El objetivo es identificar entidades nombradas en un corpus del area de genetica. Las etiquetas que se buscan indican si se trata de un gen o no. Debe tomarse en cuenta que las entidades nombradas pueden constar de mas de un elemento.

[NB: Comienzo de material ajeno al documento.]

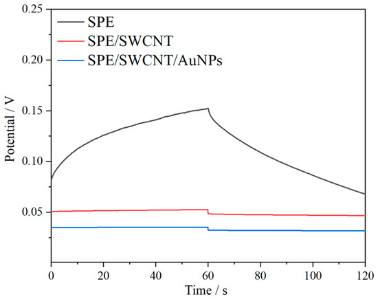 Chronopotentiometry was employed to assess the capacitance of the solid contact layer and the short-term potential stability of the ISEs [47]. Figure 6 presents the chronopotentiograms of SPE/Ca-ISM, SPE/SWCNTs/Ca-ISM, and SPE/SWCNTs/AuNPs/Ca-ISM. A constant current of ±1 nA was applied to the electrode for 60 s while the resulting potential changes were observed. The short-term potential stability was evaluated using the formula ΔE/Δt = I/C, where I represents the applied current (±1 nA), Δt is the current application time (60 s), and C is the capacitance [48]. The calculated potential drift for SPE/Ca-ISM was 1400 μV/s, corresponding to a capacitance of 0.7 μF. In contrast, SPE/SWCNTs/Ca-ISM and SPE/SWCNTs/AuNPs/Ca-ISM exhibited significantly reduced potential drifts of 32.3 and 9.1 μV/s, respectively, with capacitances of 31.3 and 109.9 μF. These findings demonstrate that the utilization of SWCNTs/AuNPs as solid contact layers substantially enhances the short-term potential stability and capacitance of the Ca2+-ISE, thereby facilitating the fabrication of reliable solid-contact ISE.
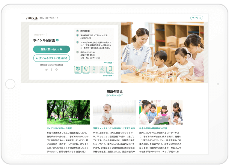 ホイシルでご紹介いたします。ホイシルをご利用いただく保護者や求職者に施設の魅力を効果的に伝えます。
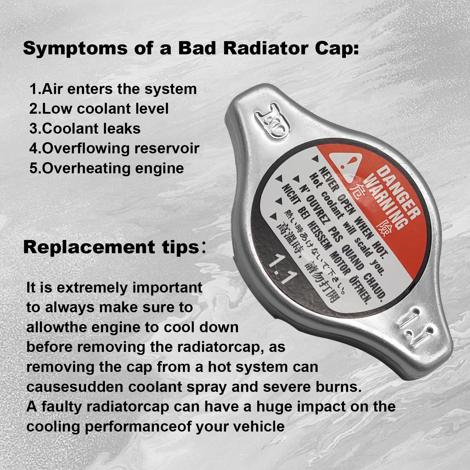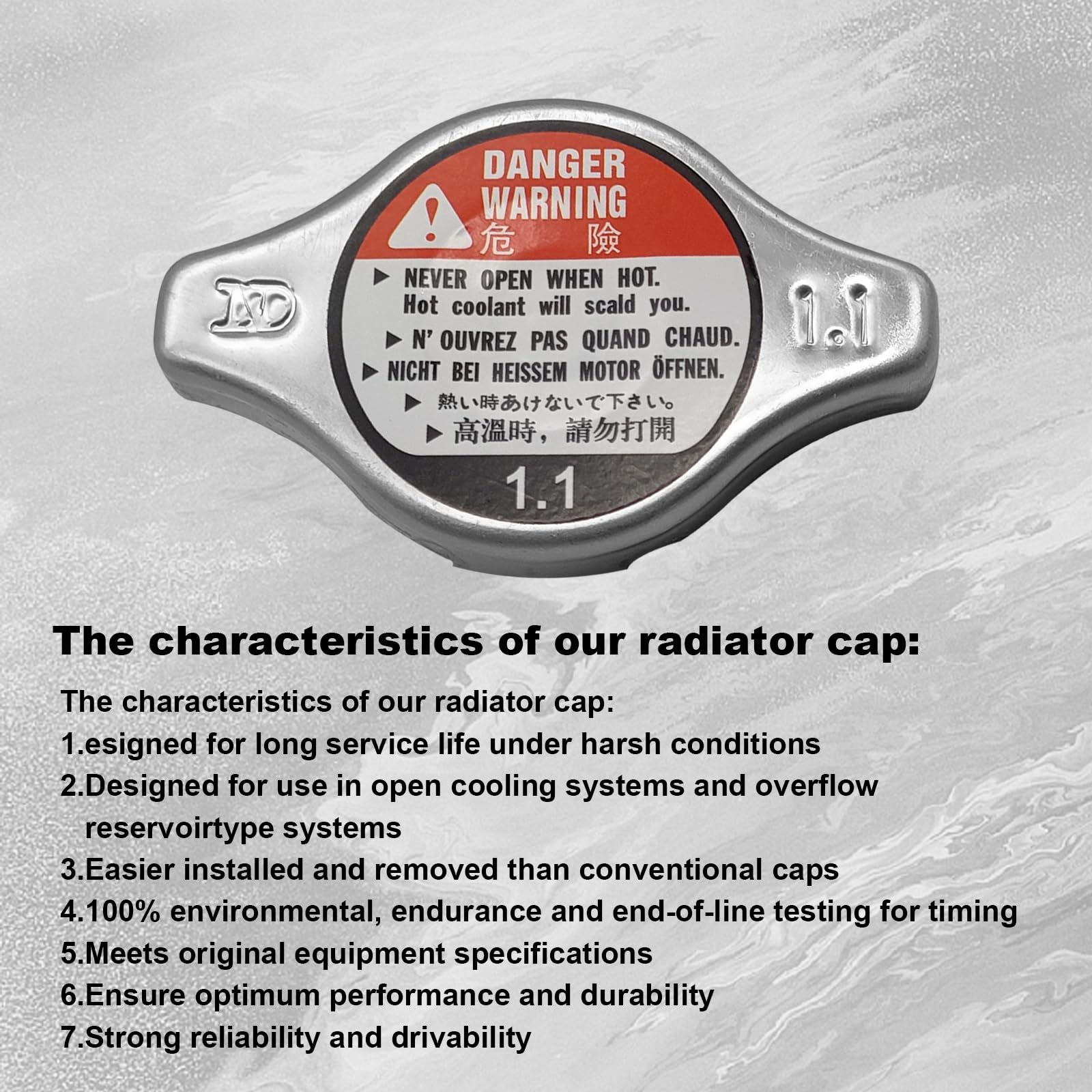 【Feature】The radiator cap also works as a two-way valve that keeps the right pressure inside so the radiator does it work correctly.Symptoms of a Bad Radiator Cap: air enters the system, low coolant level, coolant leaks, overflowing reservoir, overheating engine.

Por tanto, se utiliza un etiquetado BIO.

Las etiquetas son como siguen:
1. __B-tag__ indica el inicio de una entidad (de izquierda a derecha).
2. __I-tag__ indica que la palabra pertenece a una entidad etiquetada con B-tag. En este sentido, siempre debe existir una etiqueta B-tag, pero no necesariamente una I-tag.
3. Finalmente la etiqueta __O__ indica que no se trata de una entidad nombrada.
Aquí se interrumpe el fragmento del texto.